3. Pelatihan Pengolahan PMT Bagi Kader
Menyelenggarakan pelatihan praktis (cooking class dan higienitas sanitasi) bagi kader Posyandu untuk mampu menyusun menu dan mengolah PMT Berbahan Pangan Lokal kaya protein hewani.
4. Pelibatan Kader & Alur Rujukan PKM
Pemantauan rutin oleh kader pelatihan. Jika ditemukan balita weight faltering/stunted atau Bumil/Busui KEK, kader langsung Merujuk melalui jalur fast-track ke Puskesmas.
5. Pemeriksaan Dokter & Rujukan Lanjutan
Evaluasi medis menyeluruh oleh Dokter Puskesmas untuk evaluasi red flags, status gizi, dan etiologi. Jika ditemukan penyulit/kasus berat, dirujuk ke Spesialis Anak/RSUD.
6. Pemberian PMT B3 (Lokal)
Pemberian PMT Lokal gizi padat protein hewani hasil makanan kader terlindungi selama masa intervensi terukur bagi Balita bermasalah gizi, Bumil KEK, dan Busui.
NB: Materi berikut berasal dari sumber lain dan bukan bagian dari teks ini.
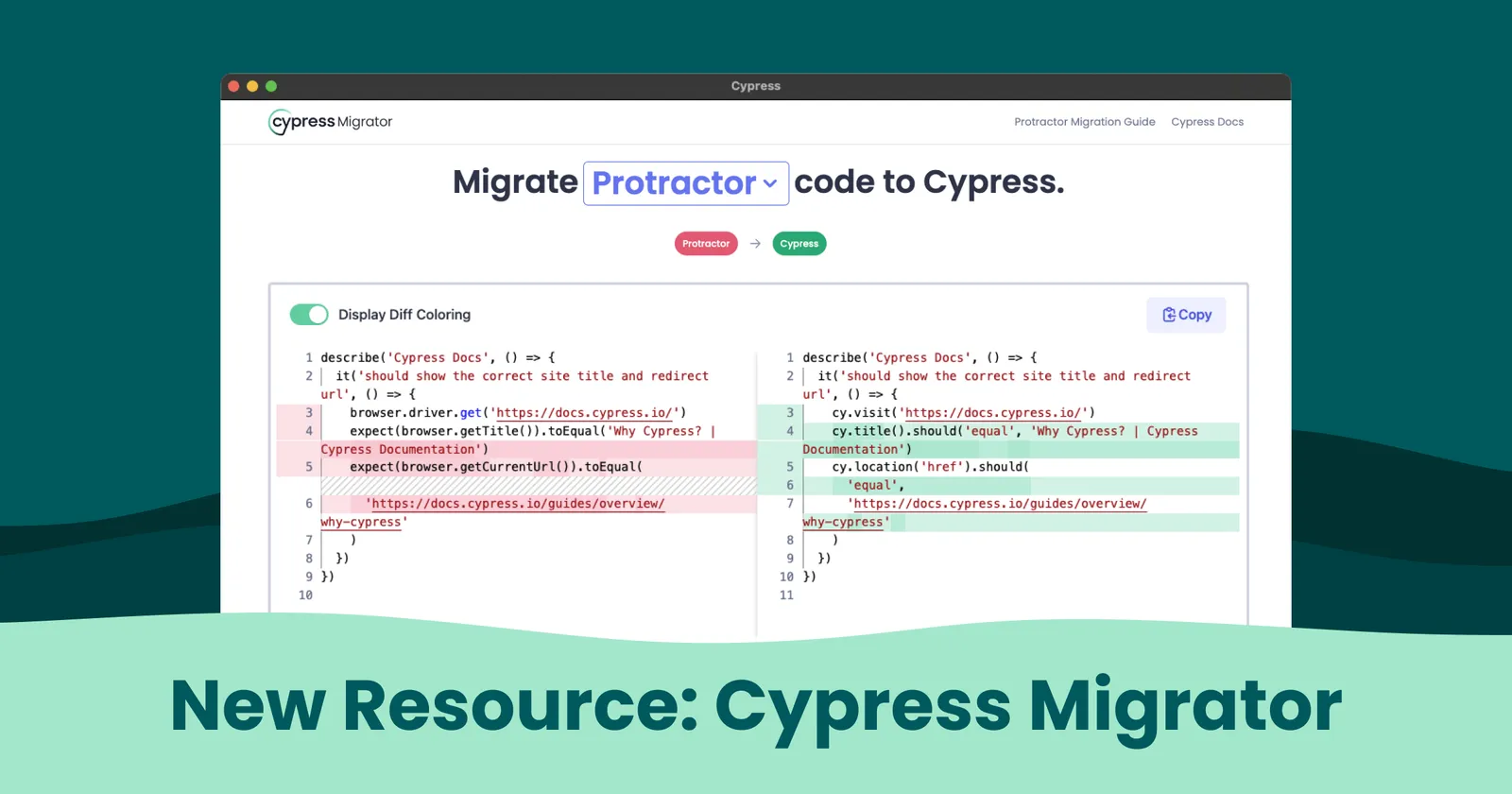 We’ve created an educational tool to help you visualize and learn the differences between Protractor and Cypress APIs to move your tests over more rapidly: the Cypress Migrator!

7. Pelaksanaan Tes Mantoux
Uji Tuberkulin (Tes Mantoux) di Puskesmas bagi balita stunting atau gagal tumbuh tanpa sebab jelas guna mendeteksi infeksi TB laten/aktif sebagai penyulit medis.
8. Tes Air Minum & Konseling Kesling
Kunjungan ke rumah oleh Puskesmas Sanitarian untuk menguji kualitas fisik & bakteriologis air minum serta edukasi sanitasi lingkungan guna memutus rantai penyakit infeksi.
9. Koordinasi dengan Program MBG
Sinkronisasi data sasaran Puskesmas dengan pengelola Dapur MBG agar distribusi Makan Bergizi Gratis selaras dengan kebutuhan gizi medis dan mendukung percepatan penurunan stunting.